CATEGORY
POWERED BY
SKYBABIES
SKYBABIES

こんにちは、ソラミド編集部の安久都智史(あくつさとし)です。

このたび、ソラミドの編集長を名乗ることを決めました。

自然体な生き方を考えるメディアの編集長。その肩書きとは裏腹に、僕は自然体で生きているとは言えません。

そんな僕が編集長になってもいいのだろうか。葛藤を抱えたまま、それでも編集長を名乗ることについて、少しお話できたら幸いです。

安久都智史
ソラミド編集長

聴いて書いたり、読んで編んだり、語り合ったり。「青春」と「できずとも繋がる働く」が探究テーマ。妻がだいすきです。
Twitter: https://twitter.com/as_milanista

自然体。僕がその言葉に惹かれはじめたのは、2019年12月にうつ病・適応障害を患い、働き方ひいては生き方を模索するようになってからでした。

なにがしんどかったのか、僕にとっての心地よさってなんなのか、望む生き方ってなんだろう。

いま思えば、自分にとっての自然体を模索していたんだと思います。

けれど、ぐぅっと考え続けていても答えは出ない。だったらと思い、「これかも?」と仮説を立てて行動しては、見立てが外れる。

もがいては、あがく。もがいては、あがく。倒れる。また、もがいては、あがく。

そんな繰り返しのなか、「自然体で生きる」を掲げる不思議な会社に出会いました。それが、ソラミドを運営する株式会社スカイベイビーズ。

自然体を考える、自分たちのメディアを作りたい

代表から言われ、心がピクッと反応したことを覚えています。

ここでだったら、僕のもがき、あがきに意味を見出だせるかもしれない。問い続けることが道になるかもしれない。

メディアを通じて、生き方の探究を深めよう。そう決めたのは、2021年4月のことでした。

ソラミドをはじめてから、お寺のご住職、絵描き、ブランドオーナー、タイニーハウスをつくった人……さまざまな人にお話をお伺いしました。

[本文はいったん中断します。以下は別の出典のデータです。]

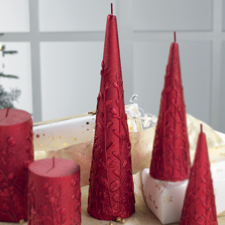 MASCAGNI CASA Candela Cono Decorata 15cm Decori in Rilievo Rosso

それぞれの生きてきた道、考えてきたことをお聞きするたび、「生きるって自由なんだな」と感じます。

いままでの僕を囲っていた鉄格子が、一本ずつ折れていく感覚。それが心地よかった。

一方で、鉄格子がなくなっていくにつれ、悩みも深くなっていきました。生きるって自由なんだ。だったら、僕はどう生きていたいんだろう。僕の自然体ってなんだろう。

悩みの深まりと共に、ソラミドへの思い入れが強くなっていく。もっと考えたい、もっと人に触れたい、もっといろいろな生き方を知りたい。

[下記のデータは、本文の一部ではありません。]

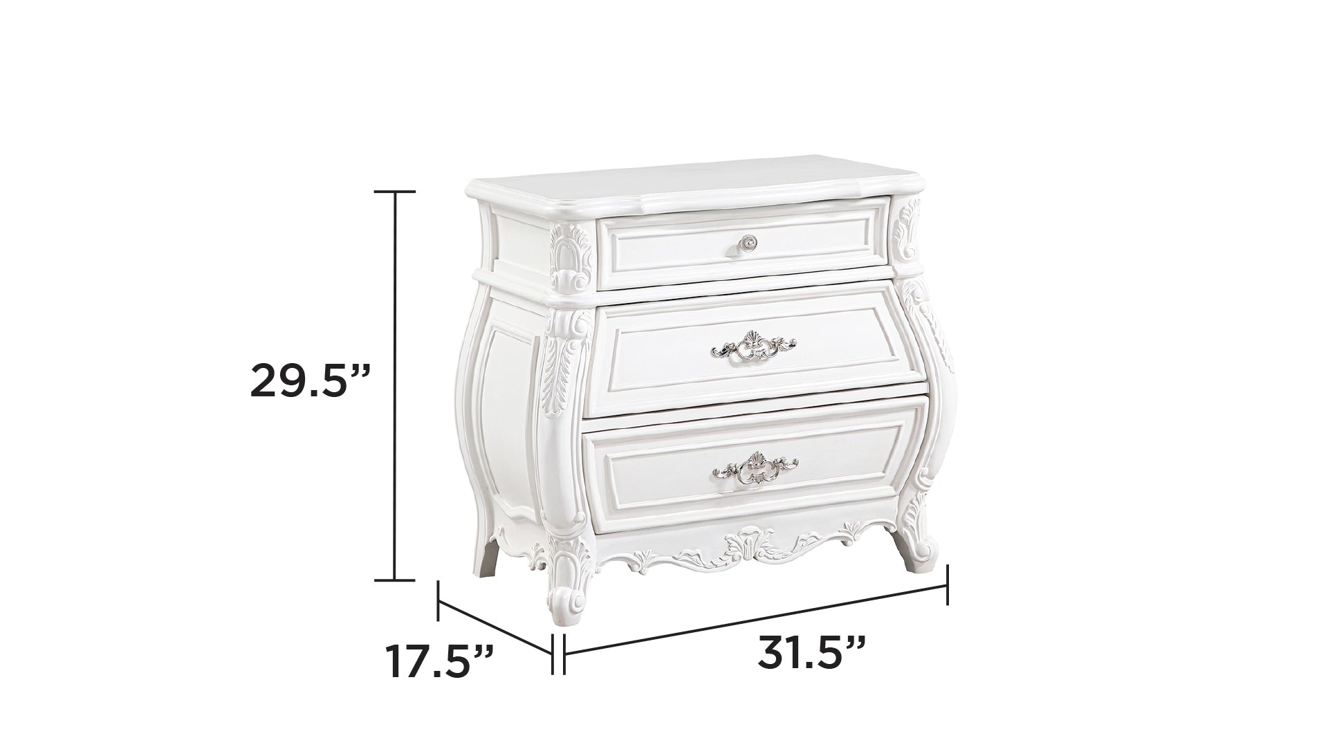 Enhance your bedside setup with this luxurious nightstand, designed to perfectly complement your elegant bedroom décor. The beautifully carved details and pearl finish add a touch of sophistication, while the three spacious drawers offer practical storage for all your nighttime essentials. Whether used for holding a lamp, books, or personal items, this nightstand brings both functionality and style to your room.

そんな想いが行いにも出たのか、気が付けば、ソラミドを率先して引っ張る立ち位置になっていました。

編集長になる?

代表から、そう言われたこともあります。それでも、編集長を名乗ろうと思ったことはありません。

……正確に言うと名乗りたかったけれど、自信がなかったんです。

悩み続けている自分が、自然体な生き方を考えるメディアの編集長なんて。

ずっと尻込みしていました。思い入れが強くなればなるほど、足が重くなる。大好きなメディアなのに。いや、大好きなメディアだから。

自信のなさはもう一つ。「ものを書く」ことへの“恐れ多さ”、でした。

「ものを書く」ことへの敬意と熱量と共に生きている方々が、世の中にはたくさんいらっしゃいます。その想いが、偉大なアウトプットを生み出している。有り難いことに、そんな想いを持つ方々と触れ合う機会をたくさんいただいてきました。

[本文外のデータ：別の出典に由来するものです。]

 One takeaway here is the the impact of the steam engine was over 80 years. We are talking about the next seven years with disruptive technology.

彼ら彼女らと比べて、僕は本気で「ものを書く」ことに向き合っているのだろうか。この問いに自信を持って頷けないうちは、編集長を名乗れないのではないか。

そんなことを思い続けていた数ヶ月だった気がします。

重い足を踏み出せたのは、編集部の仲間からの一言でした。

ソラミドで大事にしているものって、安久都さんが大切にしているものですよね

何気ない一言。けれど、そう言われて初めて、悩み続けている自分だからこそ、自信のない自分だからこそ、このメディアの編集長を名乗っていいのかも、と思ったんです。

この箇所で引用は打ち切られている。